Skipping all pictures, set down the lines of the listing from the first through the one with "Goed onderhouden tussenwoning".
=-=-=-=-=
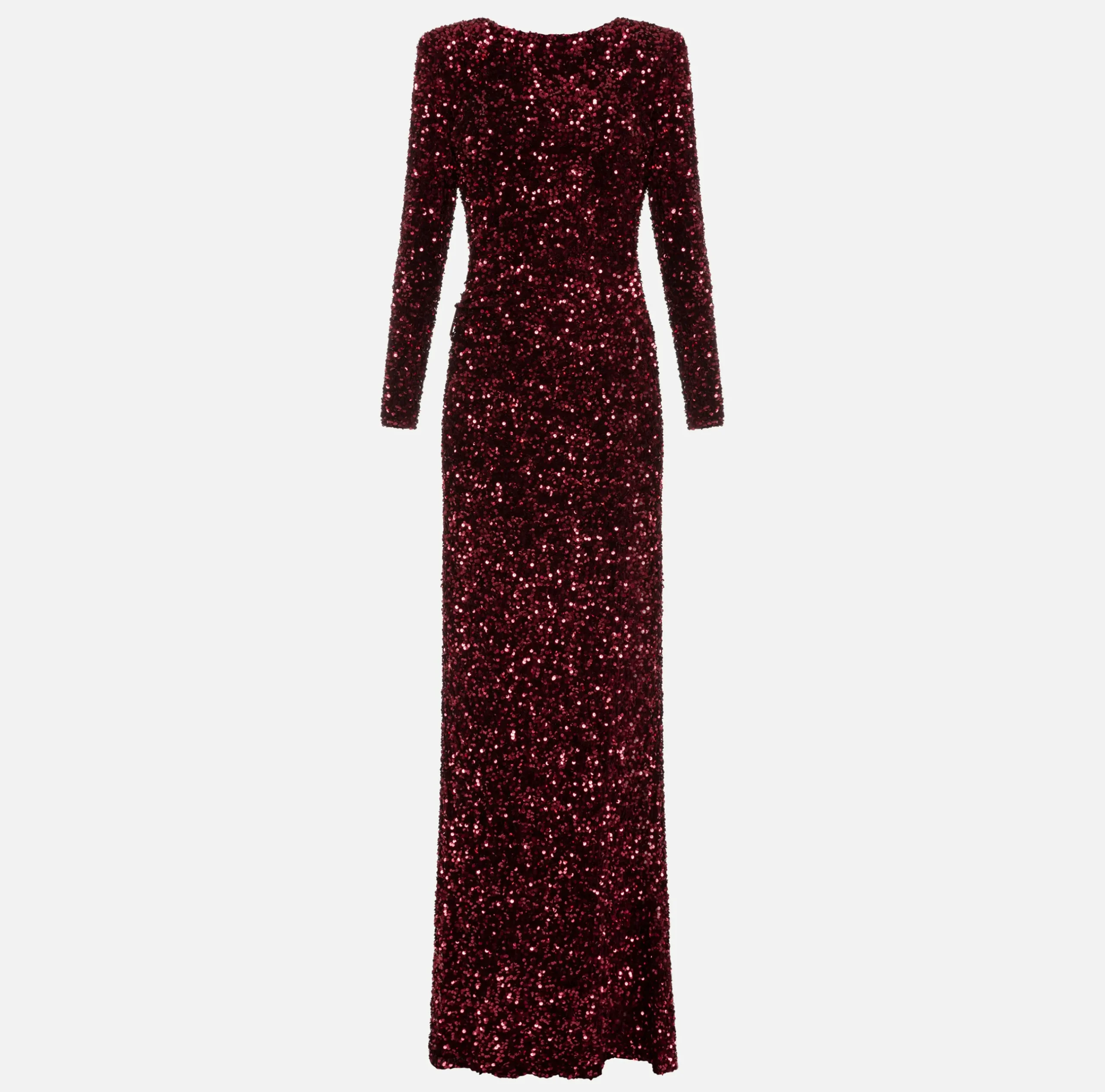 Abito red carpet in ciniglia ricamata con pailettes a maniche lunghe. È caratterizzato da scollatura asimmetrica sulla schiena, trattenuta da fibbia logo in metallo dorato e strass, e profondo spacco.
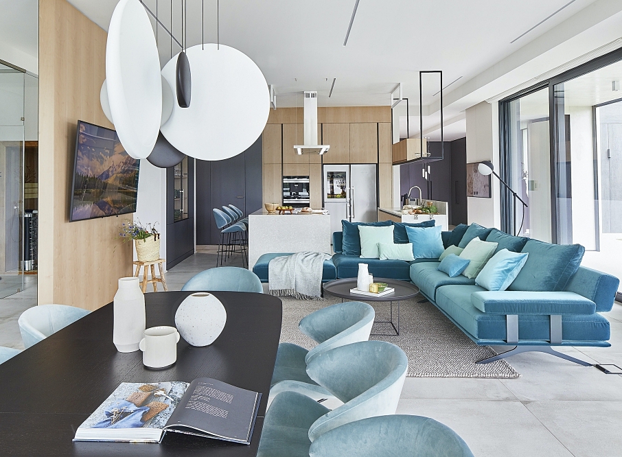 • nowoczesny apartament z klasycznymi detalami i odcieniami bieli i granatu
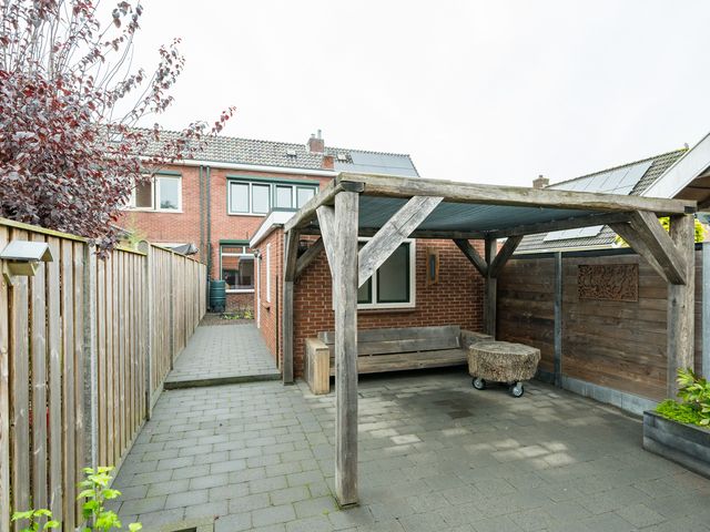 Goed onderhouden tussenwoning (vier-onder-een-kap) in een fijne leefomgeving. De woning beschikt over een vrijstaande stenen schuur, een zonnige achtertuin op het oosten met overdekt terras en een eigen oprit met carport aan de achterzijde. De woning is voorzien van rolluiken, badkamer op de begane grond en een lichte woonkamer met een sfeervolle houtkachel.
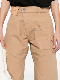 Twisted Workwear trousers Highlights - Beige - Off-centre front button fastening - Two side slit pockets - Front patch pocket - Two rear patch pockets Imported Composition Outer: Cotton 100% Lining: Cotton 100% SIZE & FIT Model measurements Height 5 ft 10 in(1.78 m) Bust/Chest 33.46 in(85 cm) Hips 36.22 in(92 cm) Waist 23.22 in(59 cm) FittingInformation Designed for a straight-leg fit, these jeans allow for a close fit at the waist and an unrestricted and comfortable fit over the leg Sturdy and hard-wearing, this denim piece offers no stretch
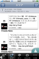 エリアタブでは、現在地から半径100m、500m、2km圏内のツイートを絞り込みして見る事が出来ます。
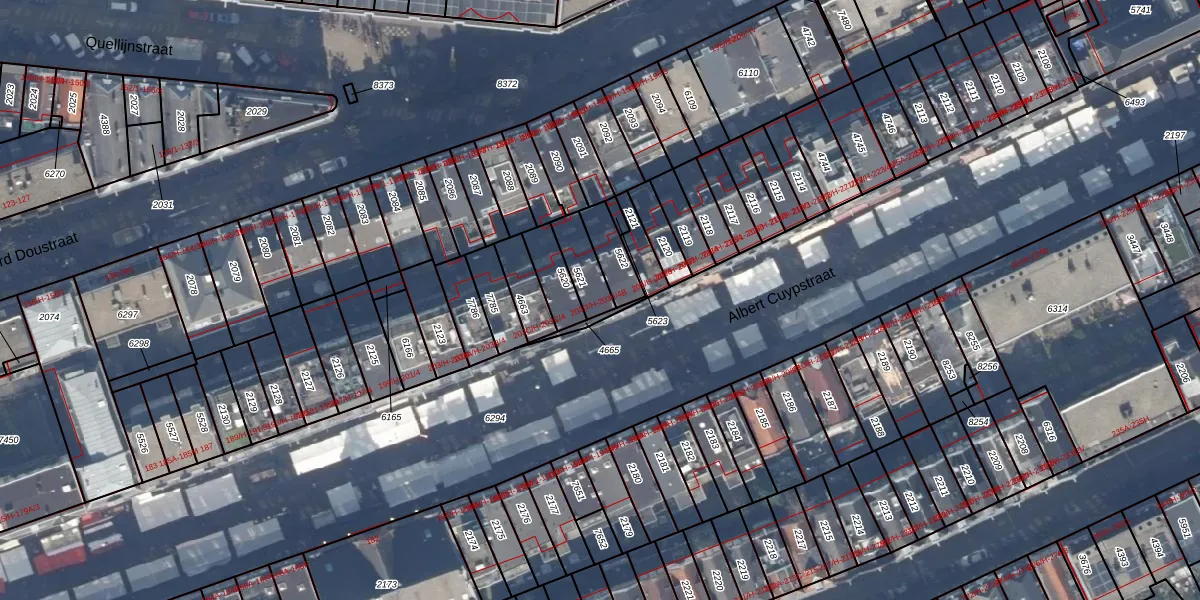 Het perceel waarop Albert Cuypstraat 203-E-O staat heeft een oppervlakte van 89 m². Dit is een klein perceel. De perceeloppervlakte wordt geregistreerd door het Kadaster. Gedetailleerde informatie over de maten van dit perceel kunt u vinden in het rapport Kadastrale kaart met maatvoering van Albert Cuypstraat 203-E-O.
=-=-=-=-=
### Answer to this exercise
 Abito red carpet in ciniglia ricamata con pailettes a maniche lunghe. È caratterizzato da scollatura asimmetrica sulla schiena, trattenuta da fibbia logo in metallo dorato e strass, e profondo spacco.
 • nowoczesny apartament z klasycznymi detalami i odcieniami bieli i granatu
 Goed onderhouden tussenwoning (vier-onder-een-kap) in een fijne leefomgeving. De woning beschikt over een vrijstaande stenen schuur, een zonnige achtertuin op het oosten met overdekt terras en een eigen oprit met carport aan de achterzijde. De woning is voorzien van rolluiken, badkamer op de begane grond en een lichte woonkamer met een sfeervolle houtkachel.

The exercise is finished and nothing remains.